Some of the violence in Sistan and Balochistan may be the work of armed
drug smugglers and contraband networks backed by local tribes.
Nevertheless, at least two political groups, the Baloch Liberation Front
(BLF), a leftist outfit, and the Baloch Protection Council claim to be
active in the province. Both had headquarters in Baghdad before 2003 and
may now have transferred to Pakistan.
Two other regions may become flash points.
One is the arc of steppes on Iran’s northeast frontier with the Republic
of Turkmenistan. There, ethnic Turkmen, representing two percent of Iran’s
population, form a majority and, being Sunni Muslims, have never warmed up
to the government set up by Shiite mullahs. Iran’s Turkmen were the first
to rise against the Islamic republic in 1979 when, with the help of a
Marxist-Maoist guerrilla group known as People’s Fedayeen, they set up a
short-lived people’s republic of their own. The “people’s republic” was
crushed by Khomeini at the cost of hundreds of Turkmen lives. The other
possible flash point is the Iranian Talesh on the Caspian Sea.
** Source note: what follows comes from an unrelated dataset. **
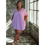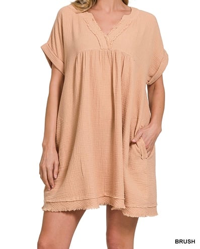 DOUBLE GAUZE RAW EDGE V-NECK DRESS
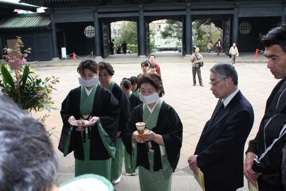 唱歌仪式则与献茶式类似,属于近代日本发明创造,但历史比献茶式更悠久。发给所有参会者的歌词资料中注明:这首歌是在昭和2年(1927年)6月向市民公开募集的673首歌词中严选的,作者是下平末藏先生,由当时的东京音乐学校(现在的东京艺术大学音乐系)中田章先生作曲,一直沿用至今。

There Sunni Muslims, speaking non-Persian dialects, form a majority of the
1.5 million population. They never warmed up to the regime of Shiite
mullahs, and have staged periodical revolts that often provoked a harsh
response from Tehran.
Taken together Iran’s ethnic, linguistic and religious minorities account
for some 40 percent of the population. Most are strategically located
along Iran’s long borders, and thus vulnerable to outside manipulation.
While in Indonesia this month, President Ahmadinejad spoke of his ambition
to unite and lead the Muslim world in a “clash of civilizations” against
the “infidel”. Many in Iran believe that he should first address the
grievances that have made it impossible for him to visit so many
provinces, and before it is too late.